Jgroup/ARM: a distributed object group platform with autonomous replication management

This paper presents the design and implementation of Jgroup/ARM, a distributed object group platform with autonomous replication management along with a novel measurement‐based assessment technique that is used to validate the fault‐handling capability of Jgroup/ARM. Jgroup extends Java RMI through the group communication paradigm and has been designed specifically for application support in partitionable systems. ARM aims at improving the dependability characteristics of systems through a fault‐treatment mechanism. Hence, ARM focuses on deployment and operational aspects, where the gain in terms of improved dependability is likely to be the greatest. The main objective of ARM is to localize failures and to reconfigure the system according to application‐specific dependability requirements. Combining Jgroup and ARM can significantly reduce the effort necessary for developing, deploying and managing dependable, partition‐aware applications. Jgroup/ARM is evaluated experimentally to validate its fault‐handling capability; the recovery performance of a system deployed in a wide area network is evaluated.
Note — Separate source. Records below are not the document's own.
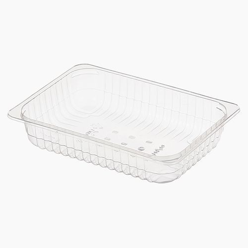 Используется как под запайку, так и под крышку  для фасовки мясных и рыбных полуфабрикатов, готовых блюд, салатов, деликатесов. Можно разогревать в СВЧ-печи.Размер 210х148х47 мм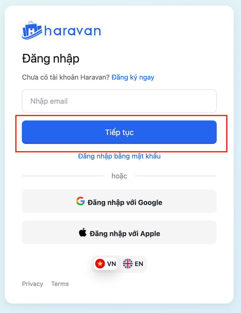 1.4. Bước 4: Đăng nhập vào tài khoản cửa hàng Haravan của bạn
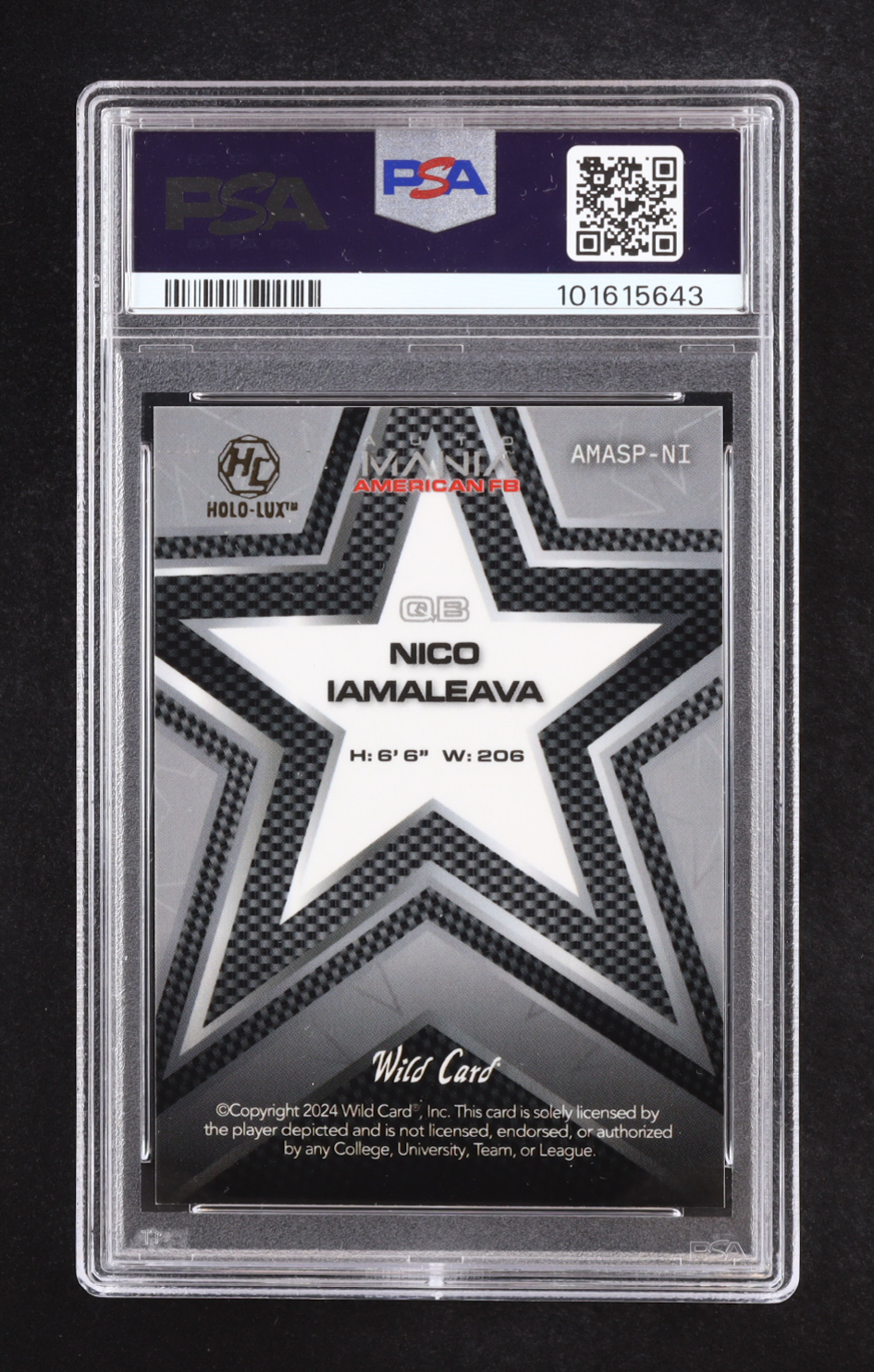 Nico Iamaleava Wild Card Auto Mania PV HLX Fighter Jets #AMASP-NI RC #1/1 (PSA 9)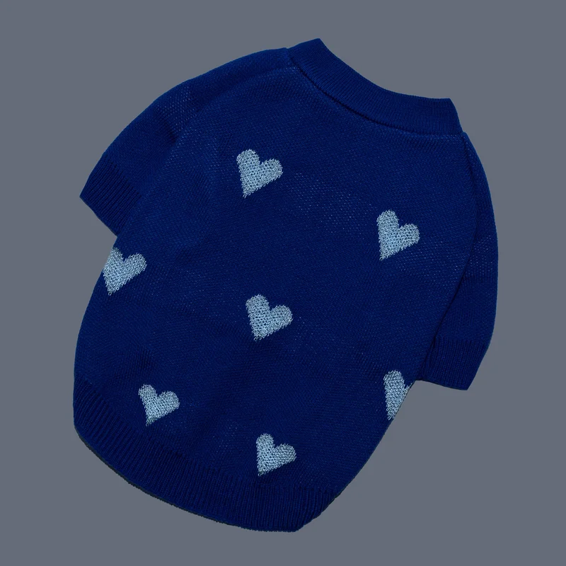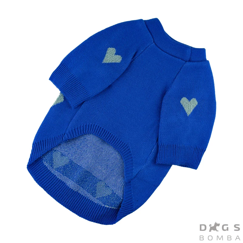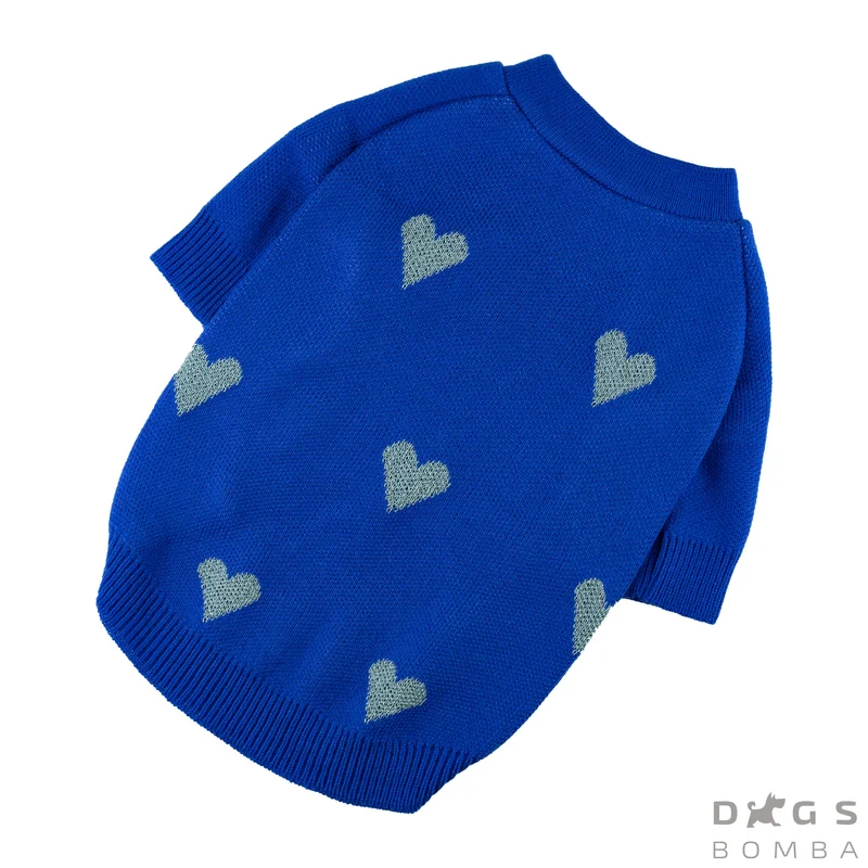 Светр в'язаний світловідбиваючий серця синій Y-245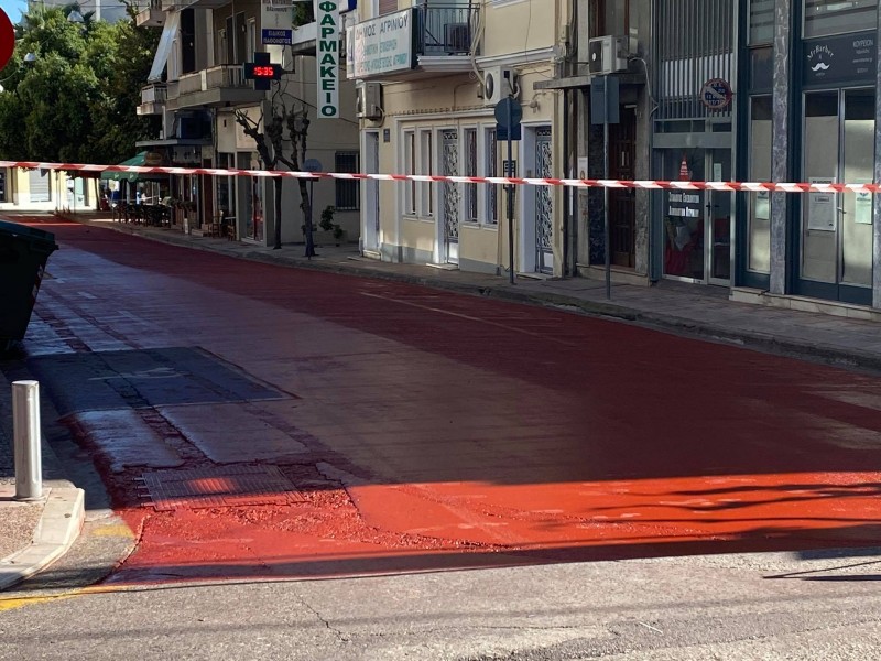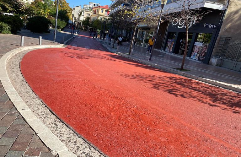 Εγώ όμως, εκείνο που περιμένω να δω, είναι τι θα γίνει με τις πρώτες βροχές, όταν θα αρχίσει όλο αυτό το χρώμα να ξεβάφει. Σε ποιους άραγε, εξπρεσιονιστικούς συνειρμούς θα οδηγηθούμε; Κάπου θα φαίνεται η άσφαλτος, κάπου το «μούφα» κεραμιδί… θα γίνει όλο το κέντρο ένα τεράστιο ερυθρόμαυρο αγγείο.

In this experiment multiple nearly coincident reachability changes are injected to emulate network partitions separating the service replicas. The results show that Jgroup/ARM is able to recover applications to their initial state in several realistic failure scenarios, including multiple, concurrent network partitionings. Copyright © 2007 John Wiley & Sons, Ltd.

[1]  Heine Kolltveit High Availability Transactions , 2005 .

[2]  William H. Sanders,et al.  A global-state-triggered fault injector for distributed system evaluation , 2004, IEEE Transactions on Parallel and Distributed Systems.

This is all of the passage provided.